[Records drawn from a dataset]
━━━

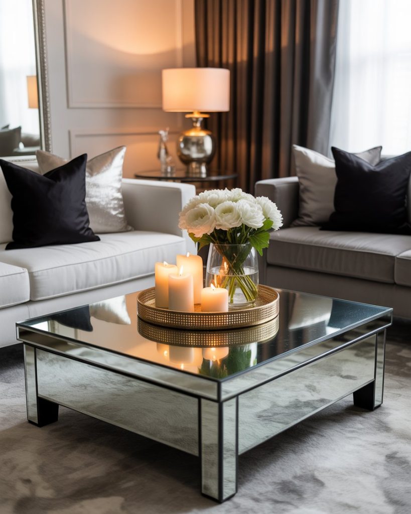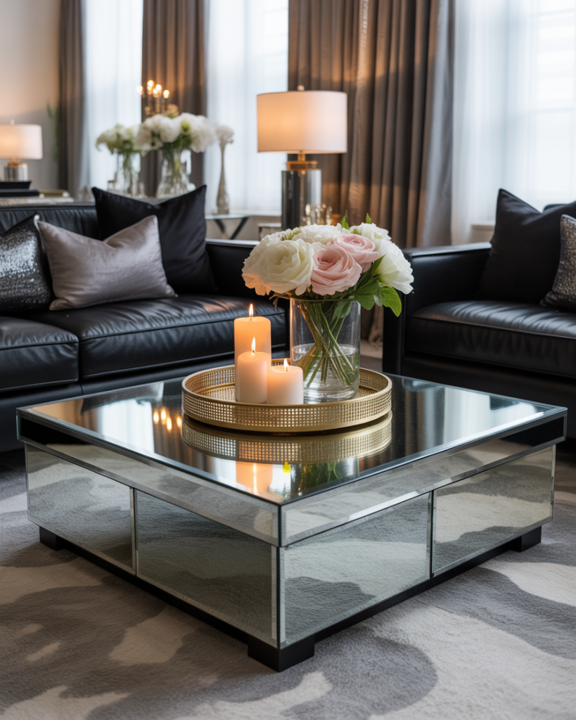 For those who love sparkle, mirrored coffee tables are set to shine in 2026. Often square or rectangle, their reflective surfaces amplify light in the living room, making them ideal for smaller or darker spaces. Pairing mirrored finishes with black or metallic accents creates a glamorous vibe reminiscent of vintage Hollywood. Keep décor restrained—a single tray of candles or flowers—to avoid overwhelming the eye. The look is chic, dazzling, and unforgettable.
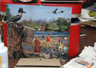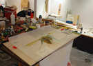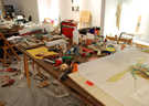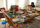 About 18 artists gathered at the MCLA Gallery 51 Jan. 25-30 to create the collage art featured during the gallery's "100 Hours In the Woodshed" art exhibit. [Photos by Paul Guillotte]
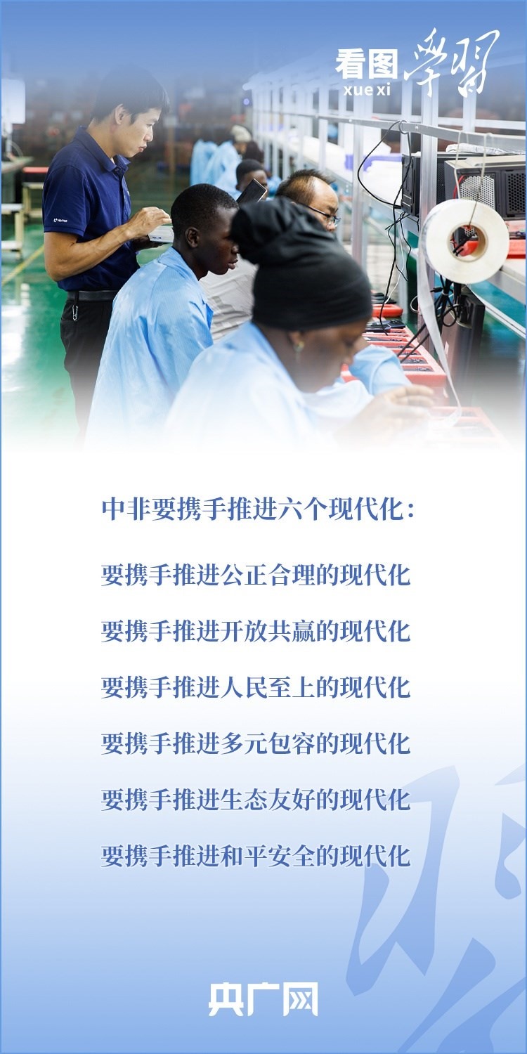“中非共逐現(xiàn)代化之夢,必將掀起全球南方現(xiàn)代化熱潮,譜寫構建人類命運共同體的嶄新篇章?!绷暯街飨硎荆蟹顷P系正處于歷史最好時期,中非將攜手推進六個現(xiàn)代化,并推動實施“十大伙伴行動”。一起來學習!
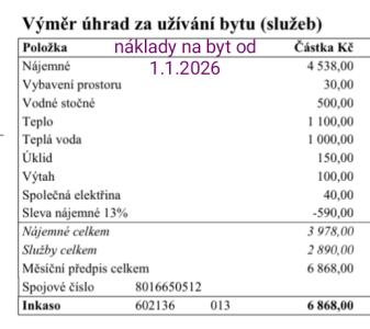 Zálohy na teplo: 1100 Kč/měsíc
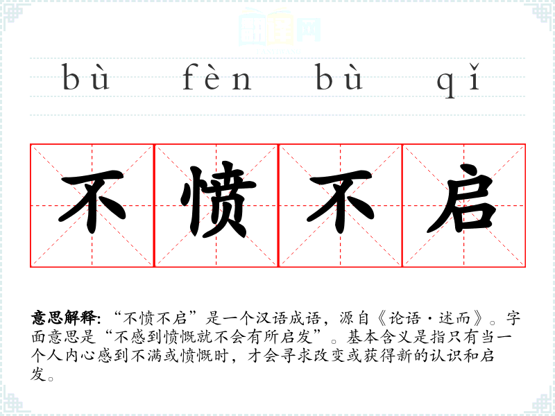 “不愤不启”是一个汉语成语,源自《论语·述而》。字面意思是“不感到愤慨就不会有所启发”。基本含义是指只有当一个人内心感到不满或愤慨时,才会寻求改变或获得新的认识和启发。
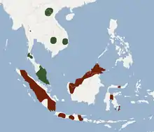 Previously seen in dipterocarp forests with grasslands. No confirmations since 1970; possibly extinct. | CR, possibly EX
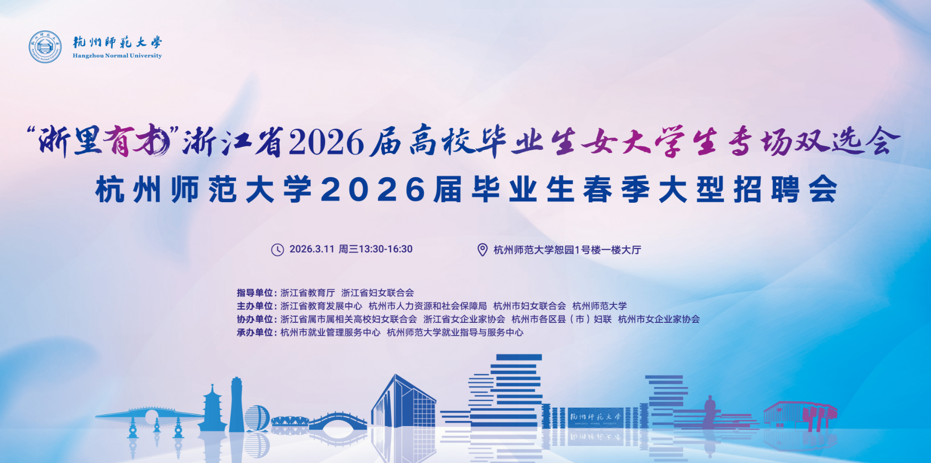 “浙里有才”浙江省2026届高校毕业生女大学生专场双选会暨杭州师范大学2026年春季校园招聘会
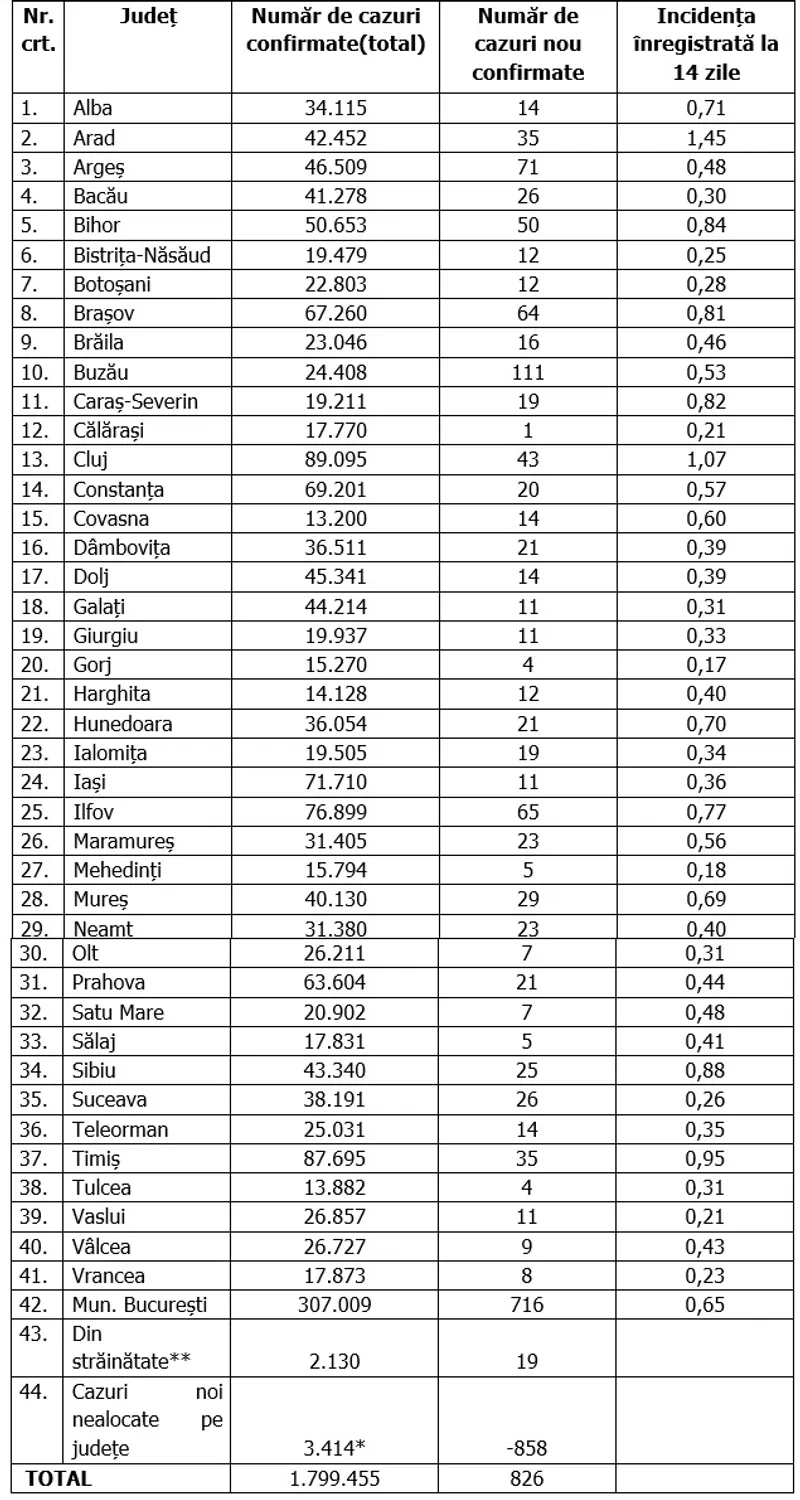 Distribuția pe județe a cazurilor per total și a celor noi o regăsiți în tabelul de mai jos:

━━━

**Work to complete**
Leave the pictures out, then output exactly the lines from the "Previously seen in" line through the end of the records above, and no others.

**Task result**
 Previously seen in dipterocarp forests with grasslands. No confirmations since 1970; possibly extinct. | CR, possibly EX
 “浙里有才”浙江省2026届高校毕业生女大学生专场双选会暨杭州师范大学2026年春季校园招聘会
 Distribuția pe județe a cazurilor per total și a celor noi o regăsiți în tabelul de mai jos:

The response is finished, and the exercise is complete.